David Allen Green is but one lawyer, and as we all know, the legal profession exists to have internal disagreements. It is part of the mundane work of a lawyer to take laws, precedents and facts, and actively rework them so as to service a prior agenda. Lawyers fabricate arguments to fit paid-for biases such as “that man is guilty,” or “my client is innocent.” That is what they do. Even the most mediocre ones are passingly good at it.

Readers are therefore well advised to always exercise caution when offered ‘legal expertise’ masquerading as journalism. Journalism is the documentary approach to truth. ‘Legal expertise’ is most often a rhetorical approach to a longed-for conclusion.

With this in mind, introductory paragraphs like the following, purporting to offer The Truth According To David Allen Green, should already put readers on alert:

Some Assange supporters will maintain these contentions regardless of the law and the evidence – they are like “zombie facts” which stagger on even when shot down; but for anyone genuinely interested in getting at the truth, this quick post sets out five common misconceptions and some links to the relevant commentary and material.  It complements a similar post on the leading Blog That Peter Wrote.

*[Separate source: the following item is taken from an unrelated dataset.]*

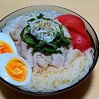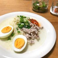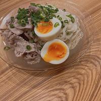 さっぱり美味しいこれからの時期にぴったりのそうめんの食べ方。お肉の下味なくてもスープがしっかり目の味なので問題なく美味しかったです。冷ます時間短縮のため、少量のお湯で鶏がらスープをとかしたら、あとは冷水でスープ作りを完了させました。ごま油は半量、塩と鶏ガラも少し減らして減塩スープでまた作ります。
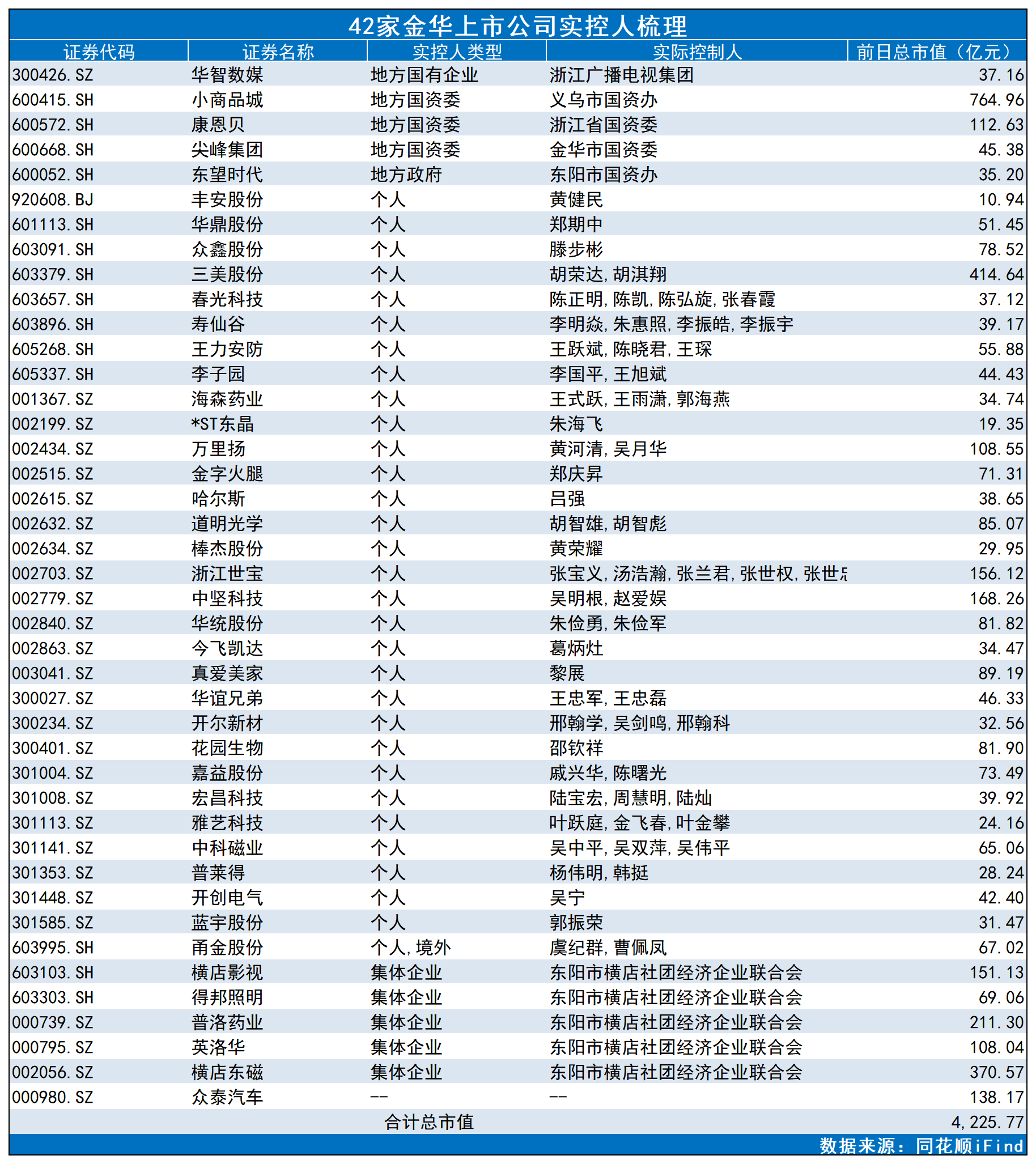 而在42家金华上市公司中,实际控制人为地方政府、国资委、地方国企仅5家,分别为东望时代(600052.SH)、小商品城(600415.SH)、康恩贝(600572.SH)、尖峰集团(600668.SH)、华智数媒(300426.SZ)。穿透后发现,仅尖峰集团实控人为金华市国资委。

“Zombie facts” is an unfortunate coinage, because a “fact” is, according to any classical epistemology, something that makes a proposition true. The world is the totality of facts. A fact cannot be anything other than the case. Anyone who “shoots down” a fact is, by definition, uttering a false statement. If you find yourself confronting a “zombie fact,” which just refuses to die, that means that you are just being wrong, over and over again. And as it turns out, several of David Allen Green’s now widely-dispersed ‘rebuttals’ are seriously disingenuous.

One: “The allegation of rape would not be rape under English law”
This is flatly untrue. The Assange legal team argued this twice before English courts, and twice the English courts ruled clearly that the allegation would also constitute rape under English law.

(See my post at Jack of Kent for further detail on this.)

Never reluctant to exploit a tautology, David Allen Green points out here that an allegation of rape cannot be anything other than an allegation of rape. The Swedish prosecutor defined the allegation in question at a sufficient level of generality to bring it within the definition of rape accepted in UK law. The UK court was not entitled to look beyond that ostensive definition, and decided that the requirement of dual criminality was met: “I have looked only at the language used in the warrant.”

This is all very neat, but the people David Allen Green is taking aim at here were arguing something like “if Assange was to be tried on the details of this allegation in the UK, he probably would not be convicted.” That argument tends to examine the details in the police documents under the lens of UK criminal law, and speculate on the hypothetical outcome of a trial on those facts, something that the UK courts did not do. There may be a rebuttal of that argument, too. But it would likely require more than a paragraph, and isn’t the one that David Allen Green presents here. This “zombie fact” hasn’t even taken a hit.

Two: “Assange is more likely to be extradited to USA from Sweden than the United Kingdom”

This is similarly untrue. Any extradition from Sweden to the United States would actually be more difficult. This is because it would require the consent of both Sweden and the United Kingdom.

(See Francis FitzGibbon QC’s Nothing Like the Sun for further detail on this.)

One can add that there is no evidence whatsoever that the United Kingdom would not swiftly comply with any extradition request from the United States; quite the reverse. Ask Gary McKinnon, or Richard O’Dwyer, or the NatWest Three.

In reality, the best opportunity for the United States for Assange to be extradited is whilst he is in the United Kingdom.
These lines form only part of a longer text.